Hemos sobrevivido a una gélida noche en mitad de la nada, en parte gracias a las tres veces que se ha levantado nuestro anfitrión para alimentar el hornillo central que preside el ger. Sabe que como extranjeros no estamos acostumbrados a las temperaturas invernales de Mongolia. Pese a la gruesa capa de fieltro (lana de oveja) y otras capas aislantes, que recubren toda la arquitectura del ger, sin un sistema de calor contundente, el frío se las apaña para hacer acto de presencia a las pocas horas de estar allí. Por eso Jaaya usa excremento de animal seco en el horno, con un poder calorífico mucho mayor y mayor tiempo de combustión.

ger interior

Un ger (o yurta) cuesta unos 1000 euros. Entre varios mongoles pueden montarlo en unos 30 minutos. Estoy seguro que nosotros emplearíamos varias horas o días… Con estas facilidades, es comprensible que Jaaya cambie el suyo de ubicación según la estación, para evitar zonas de más frío, en invierno, o buscar lugares más frescos, en verano.

caballo mongol nómada

Ya con los músculos desentumecidos, emprendemos un fresco paseo matutino por el pintoresco valle, a lomos de los asustadizos caballos mongoles. Riachuelos helados, caballos salvajes campando por laderas cobrizas, entre yaks, vacas y cabras. Paz y armonía en esta estepa caprichosa con laderas y vaivenes.

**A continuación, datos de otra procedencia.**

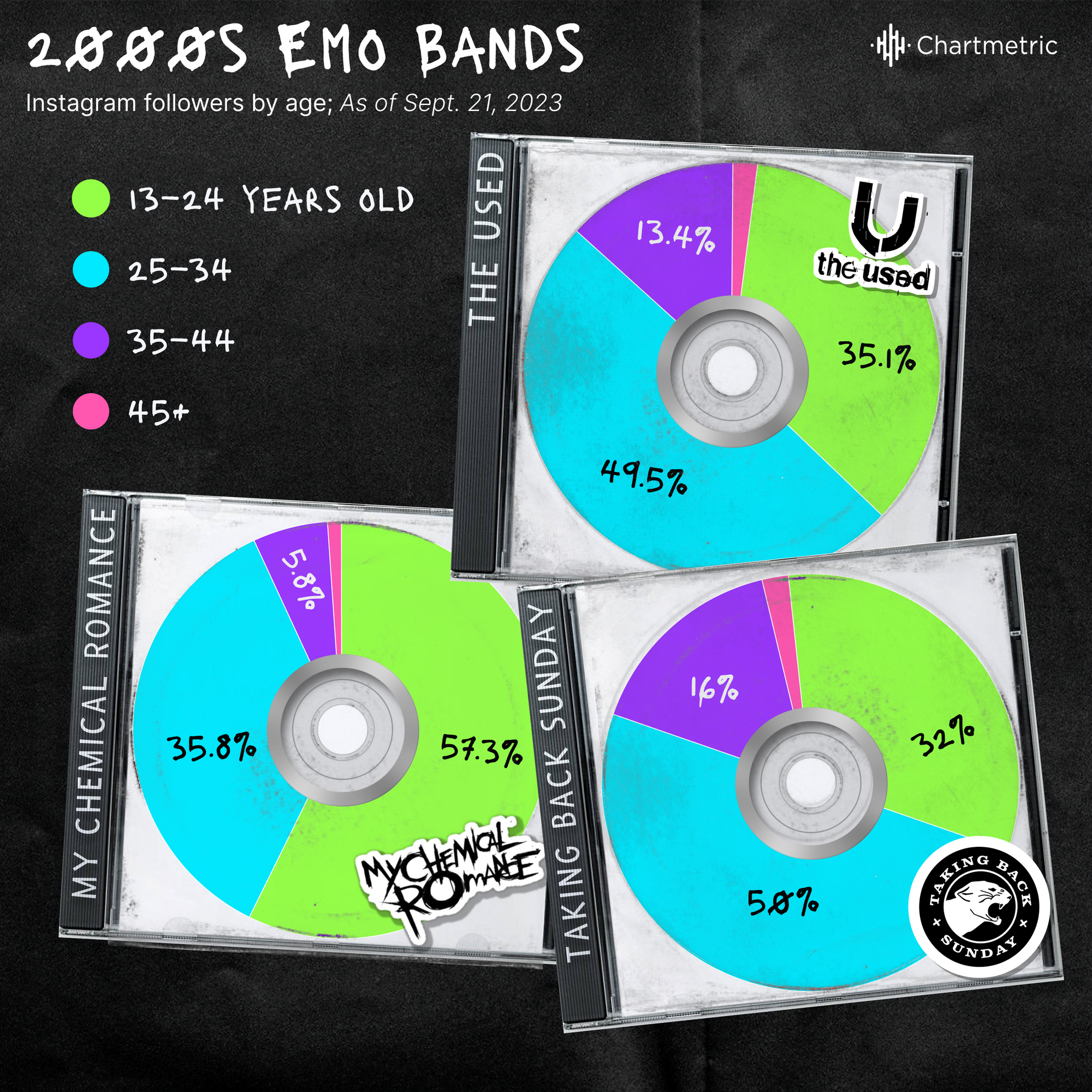 But beyond where audiences are, age is perhaps the biggest indicator of an upcoming emo revival. For example, Taking Back Sunday’s YouTube demographics are dominated by Gen Z listeners who were infants when “Cute Without the ‘E’” and “You’re So Last Summer” came out. The Used also has incredibly strong Gen Z followings across YouTube, Instagram, and TikTok. MCR’s core listenership is also female Gen Z listeners between 18–24 and millennials between 25–34.

De regreso a lo que será nuestro hogar durante un par de días, disfrutamos una vez más del cálido momento en que entramos en el ger y  se puede sentir el calor seco e intenso del interior. Cada poro de tu cara se relaja y todas las capas de ropa sobran.

valle orkhon

El incombustible Jaaya se pone las pilas y ya limpia en su rudimentario horno multifunción una especie de wok para cocinar. Sale fuera para elegir algo de comida. Lo único que no tienen dentro del ger es frigorífico o congelador. Con temperaturas medias durante 6 meses de -15 grados es un bien innecesario. Todo lo que esté fuera del ger sirve para conservar. En verano, la dieta de los gers suele ser más variada. Toman leche y derivados lácteos, como queso, yogurt e incluso una especie de cerveza casera fermentada. Sin embargo en invierno, se lamenta, mientras nos sirve un cuenco a cada uno, el menú suele ser un poco más repetitivo. Carne de oveja, cabra o incluso camello (según la zona) cocidas en sopa y con bastante grasa. De alguna manera hay que combatir el frío. Por suerte,  su esposa dejó listas unas empanadillas para la fiesta del Tsagaan Sar (rellenas de cabra, eso sí) y nos las ha preparado al vapor.

valle orkhon caballo mongol

Los mongoles sorben, con cierto estruendo, al comer. Consideran que así las calientes comidas invernales se enfrían antes. En realidad, es una costumbre más, pero llama la atención en el momento en el que se juntan varios mongoles en la mesa por la sonoridad dominante.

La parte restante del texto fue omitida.